Папа в молодости часто был вожатым в лагере. Он обожает называть нас «ребята», устраивать конкурсы и пронзительно свистеть, заставляя нас ходить строем.
С криками восторга мы сбежали по лестнице.
— Оденьтесь потеплее, — успела добавить мама. — Холод на улице!
Мы вмиг разбрелись по полю, проваливаясь в снег.
Похоже, веселее всего было папе. Он первым начал бросаться снежками. Вскоре на поле разразилась настоящая снежная битва! Мы с Жаном А. одни сражались против всех. Дряхлые варежки родственничков мгновенно промокли, снег залетал за шиворот, и пальцы окоченели, но битва получилась просто супер!
А потом Жан Г. разревелся, прикрывая рукой глаз: мол, Жан В. специально засунул в свои снежки камни. Тогда папа сказал:
— Всем успокоиться. Теперь будем лепить самого большого в мире снеговика. За работу, ребята!
— Снеговика лепить? — возмутился Жан А. — А когда мы уже будем смотреть телевизор?
Папа руководил работой.
Жан Г. и Жан Д. отправились на поиски веток для рук, а мы катали туда-сюда снежные комья. Нам нужно было слепить два: один — для туловища, и еще один — для головы. Они были такими огромными, что удержать их в руках одному было невозможно. Мама умиленно смотрела на нас с балкона и фотографировала.
— Вперед, ребята! — подбадривал нас папа.
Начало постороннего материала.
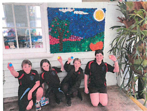
Above: The year 4/5/6 students kept these lids out of landfill by using them in an art project.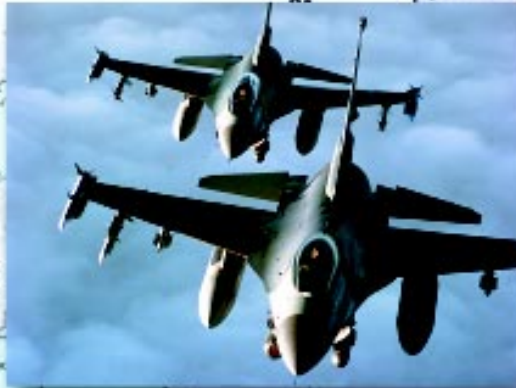
Two U.S. Air Force Fighting Falcons fly in formation during a mission in support of NATO Operation Allied Force.

Он так гордился своей командой снеговикостроителей! Даже обледеневшие уши его шапки гордо торчали в воздухе. Поскольку он был из нас самым сильным, то помог прикатить самый большой ком… и вот только тогда заметил…
— Что это? — испуганно спросил он, стягивая варежки.
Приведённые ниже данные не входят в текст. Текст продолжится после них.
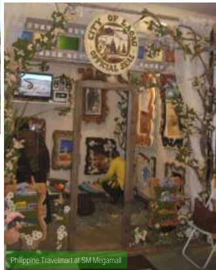
Philippine Travelmart at SM Megamall

Мы посмотрели на свои варежки и пуховики. Везде, где на одежду попал снег, растеклись желтые пятна.
— Черт, — ругнулся папа, с отчаянием посмотрев на балкон, где все еще стояла мама. — Собачьи какашки.
Без вариантов. Катая снеговика, мы даже не заметили, как уделали одежду родственников скрытыми под снегом собачьими какашками.
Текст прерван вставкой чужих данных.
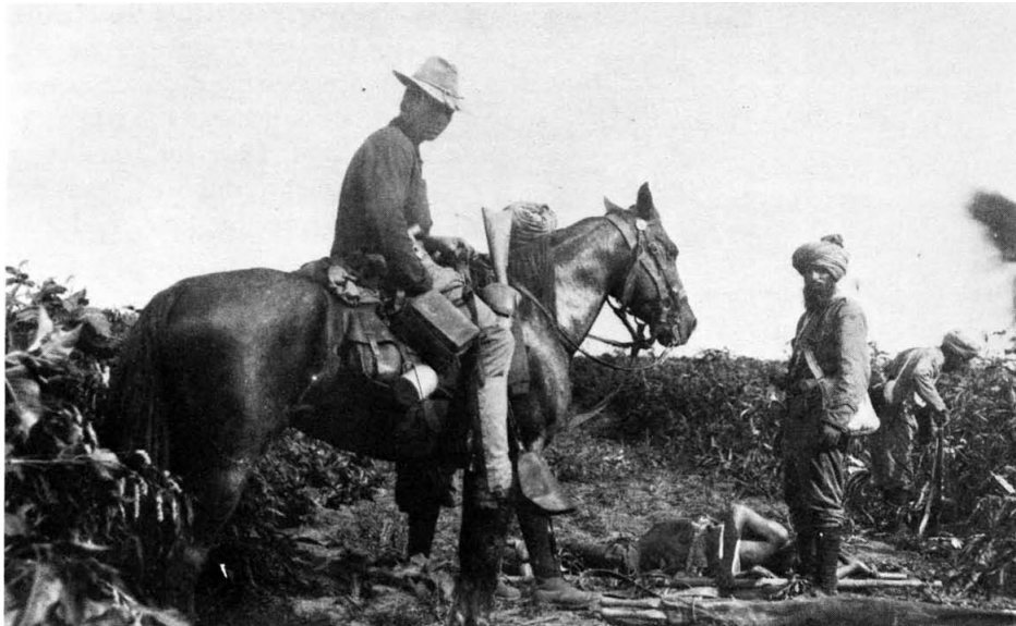
On 5 August 1900, mounted American member of the China Relief Expedition surveys British Indian Army position where a wounded Indian is being placed on a stretcher before receiving treatment. The relief column had 10 more days before reaching Peking.

Springfield .45-caliber single shot rifle, the Winchester-Hotchkiss rifle, the Lee Straight-Pull rifle, and the new Krag Jorgensen rifle. Marines on board the ships which had been on the Asiatic Station for years, still had not been supplied modern arms. Marines sent directly from the United States carried the most modern arms in the American military arsenal, the Krag-Jorgensens. According to personal narratives of Marines in the field, a supply nightmare was avoided by discarding the antiquated weapons and using captured modern Chinese rifles, for which there was plenty of ammunition.

И сразу стало не смешно. Мы вернулись в дом с опущенными от стыда головами.
Мама была вне себя. Она кричала, что так и знала, и что теперь ей с этим делать, и что вещи были почти новые, и что мы скажем родственникам… Вот так всегда.
Папа хотел было пошутить, но быстро понял, что лучше не стоит.
Мы молча разделись и, пока мама пыталась отстирать пятна в крошечной раковине, тихо сидели в комнате в одних подштанниках.
— Да, в жизни в горах есть своя прелесть… — попытался разрядить обстановку папа.
Но мама так на него посмотрела, что он тут же замолчал и уставился в окно, насвистывая что-то себе под нос и притворяясь, будто наслаждается видом заснеженных вершин.
— Вот и всё! Теперь будем ждать, пока это все высохнет. Так что сегодня без курток и варежек. Весь день насмарку. Молодцы!
— Ну и ладно, — сказал Жан А. — Тогда, может, посмотрим телевизор?
На следующий день у папы уже созрела новая мысль. Он вернулся в отель довольный и с целой кучей туристических буклетов.
— Как? Ребята, вы еще не готовы? Погода на улице великолепная! Самое время покорять горные вершины. Сбор внизу через пятнадцать минут.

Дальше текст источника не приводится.